For over twenty years, Greg Cole has produced records in Nashville. For a kid from Ohio, it’s been a dream come true.


Nicknamed “Slaw Dawg” by his childhood friends due to his last name (Get it? Cole slaw), Greg grew up in a family of four brothers and a sister. He had extended relatives who were musical, and Greg played drums and piano. “I was in a few bands in high school.” When he was 21, he moved to Nashville from his hometown, close to Akron. “I traveled with a few country bands playing drums,” he says.

Recording music was something Greg enjoyed. “I always had a home studio, and over the years, that expanded into something pretty big.” As his family grew with children, it became harder for Greg to be out on the road. “When I was home from being on the road, I found myself spending more and more time recording and producing. I realized I could stay home and do that all the time. The studio was in our home, so I was more present for my family.”


Over the years, Greg’s studio, which he calls Slawdawg Productions after his nickname, has expanded into all sorts of recording and mixing. “I’m working on a television show right now, The Dailey Vincent Show for RFD-TV. I am doing the sound mixing for the show.” Back in 1991, Greg was involved with a short-lived early-morning television show. Jimmy Capps, Stu Basore, Larry Barnes, and Greg were in the band, and Melvin Sloan and Johnny Carver manned the hosting duties, often joined by Leon Rhodes.


Greg also does a lot of recording for bluegrass artists. “I am working on Danny Paisley’s album right now. I also do a lot of Gospel work. I worked on Jeff and Sheri Easter’s new album, Treasure, and their song, ‘One Name,’ from the album was the number one recording on Southern Gospel Radio for the month of September.”


And, of course, being in Nashville, Greg also works on a lot of country music.


“I have worked on five albums for Daryle Singletary.” Greg toured with Singletary from 1995 to 2002. Then, he left the road to run his recording studio full-time. “My daughter was five years old at the time.” Greg says he feels he has seen more of the country since leaving the road. “My wife likes to travel, and traveling with her is much different than touring with a band. We never really saw anything in a town other than the venue we played in.”

Slawdawg is a state-of-the-art facility with all an artist needs to sound their best. The assortment of mics alone is impressive: Neumann U87, AT4060, AT4050, AT4033, four AT4041s, Townsend Sphere, four Sennheiser 421s, Royer 121, Royer 122, two AKG D112s, lots of SM57s and others. Greg also has a Neve 1073 DPX, six API512c, UA6176, an Antelope MP32 and others. He has Focal Twin 6 Be, Avantone Cubes and Mackie 824 MKII monitors and Apollo 16x, two Apollo 16 MKII, two Apollo Quad and an Apollo Octo Satellite interfaces.


What do all those letters and numbers mean? It means that Greg has invested in his production company over the years to obtain the best results for his clients.

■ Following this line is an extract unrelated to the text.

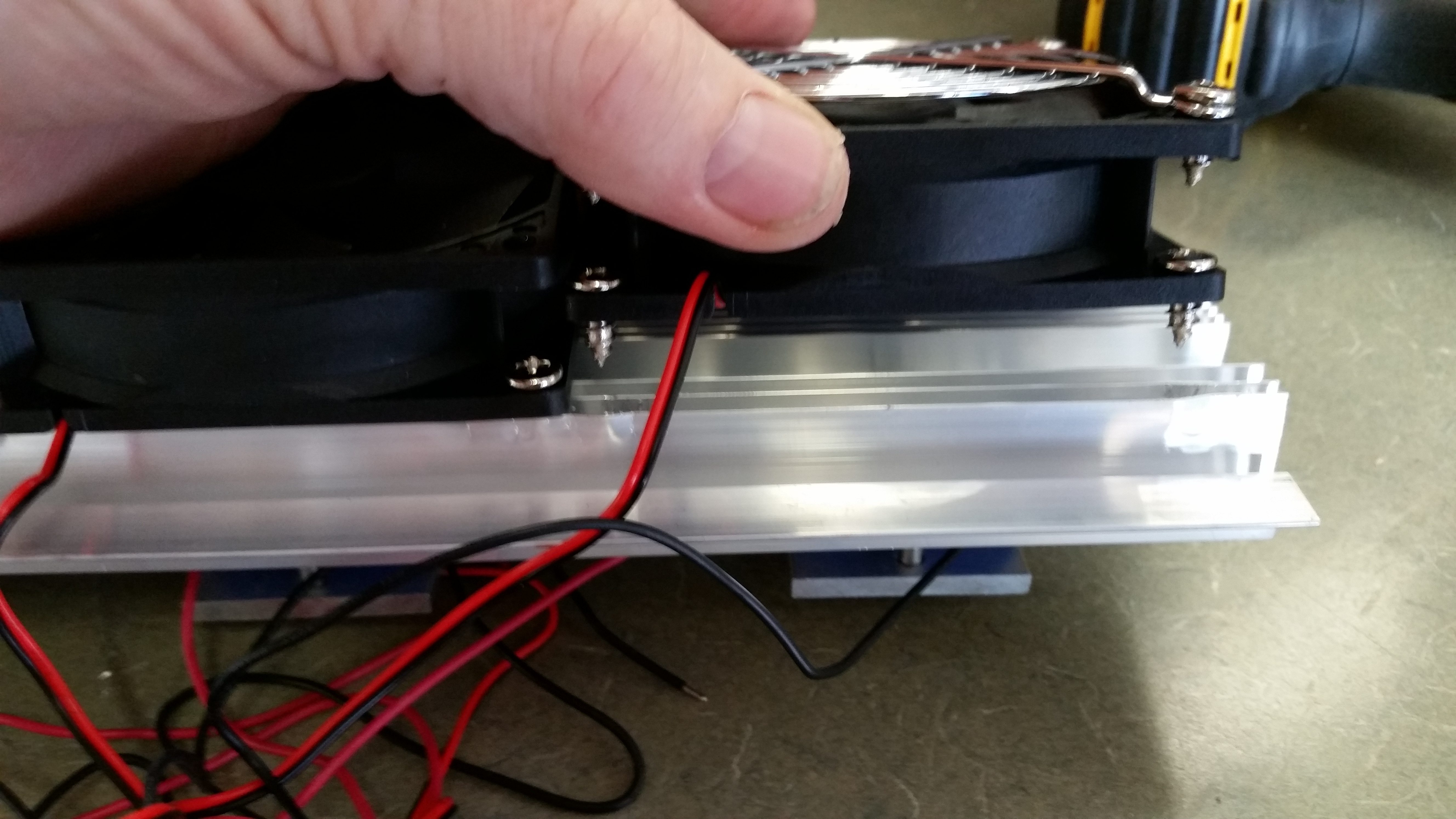 When I received the Peltier cooling Device I noticed that the screws holding the extrusion and fans together were falling off. They were not going to hold the fans on because the fins were too thin to give a good bite . So much so that with little effort I could pull the fans off by hand. I went online and ordered some screws that would go all the way through the extrusion and the first mounting holes of the fan.

While he works to record other artists, Greg keeps his toe in the music world by playing drums on the weekends with a band in town. “We call ourselves Organic Country and play regularly at The Local in Nashville.” The band represents Nashville with a well-balanced lineup of musicians, with Kevin Denney as the lead singer, Joe Spivey on fiddle, Steve Henson on steel guitar, and Rick L. D. Wayne on guitar.


In addition to drums, Greg also plays the steel guitar and piano. “I have a good-sized collection of guitars that I enjoy playing as well.”


Greg’s children are now grown with families of their own. His son is a fireman who plays guitar, and his daughter is a graphic designer. He says if he had more time, he’d love to spend it fishing and being outdoors. But for now, he’s happy behind the control board of his thriving production company, working with artists to share their music with the world.